Instructions to follow => Please transcribe exactly, and only, the lines of the data below between the line holding "亚当斯重伤无限期缺阵后,休赛" and the line holding "Filled archival quality", inclusive.

Provided material =>

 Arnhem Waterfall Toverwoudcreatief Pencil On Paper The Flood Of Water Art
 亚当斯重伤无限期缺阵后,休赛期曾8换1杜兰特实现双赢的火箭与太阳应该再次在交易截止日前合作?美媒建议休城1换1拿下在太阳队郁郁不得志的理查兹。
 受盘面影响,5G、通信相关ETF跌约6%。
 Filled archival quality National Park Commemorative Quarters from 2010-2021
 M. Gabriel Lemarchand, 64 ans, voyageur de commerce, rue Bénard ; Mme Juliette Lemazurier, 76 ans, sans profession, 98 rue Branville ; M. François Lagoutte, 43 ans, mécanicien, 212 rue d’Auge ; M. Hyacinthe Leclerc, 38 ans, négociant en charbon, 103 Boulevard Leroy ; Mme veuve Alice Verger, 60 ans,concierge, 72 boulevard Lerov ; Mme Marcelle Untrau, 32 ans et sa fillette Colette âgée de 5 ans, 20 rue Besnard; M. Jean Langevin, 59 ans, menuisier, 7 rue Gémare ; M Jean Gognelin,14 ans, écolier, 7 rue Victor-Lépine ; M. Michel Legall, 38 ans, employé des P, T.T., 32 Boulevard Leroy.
...
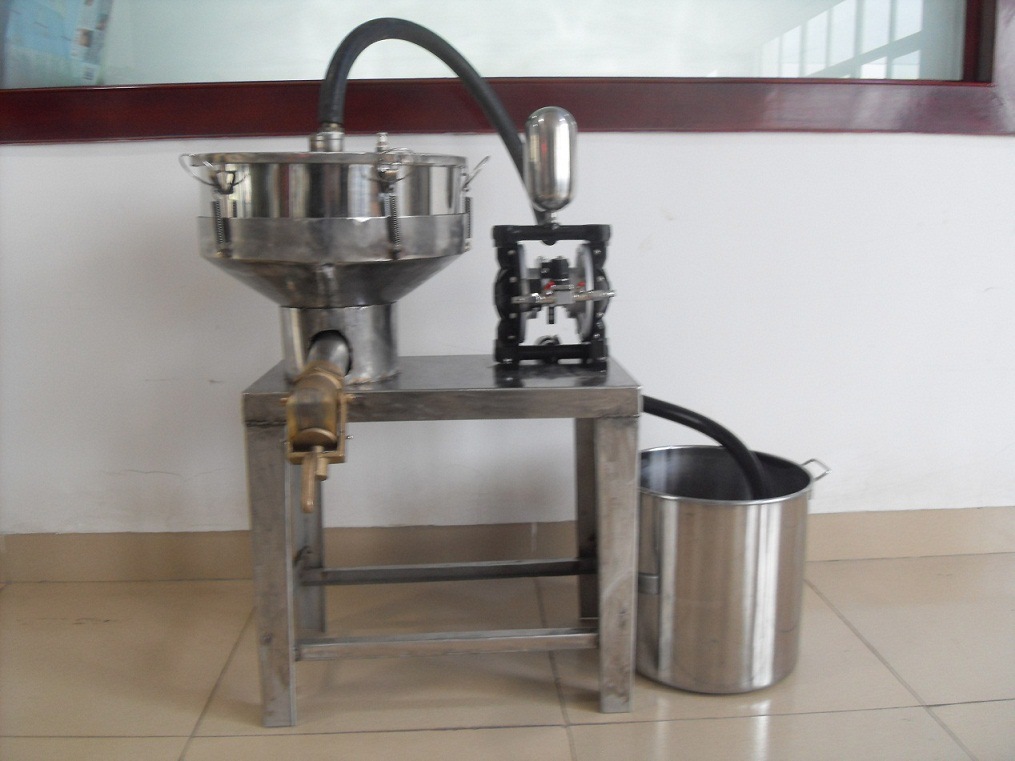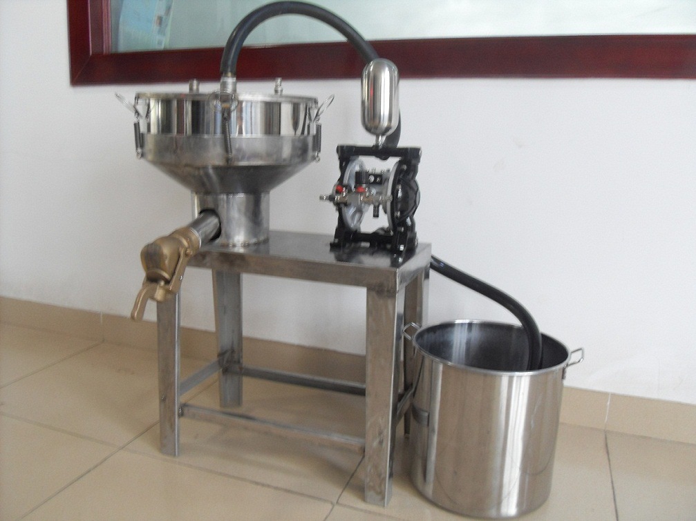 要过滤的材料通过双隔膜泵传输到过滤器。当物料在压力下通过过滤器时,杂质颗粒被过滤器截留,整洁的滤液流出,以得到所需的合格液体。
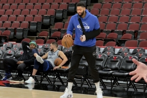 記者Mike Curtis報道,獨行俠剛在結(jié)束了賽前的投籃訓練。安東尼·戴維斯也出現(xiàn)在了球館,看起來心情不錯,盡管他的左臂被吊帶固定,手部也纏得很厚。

Solution below =>
 亚当斯重伤无限期缺阵后,休赛期曾8换1杜兰特实现双赢的火箭与太阳应该再次在交易截止日前合作?美媒建议休城1换1拿下在太阳队郁郁不得志的理查兹。
 受盘面影响,5G、通信相关ETF跌约6%。
 Filled archival quality National Park Commemorative Quarters from 2010-2021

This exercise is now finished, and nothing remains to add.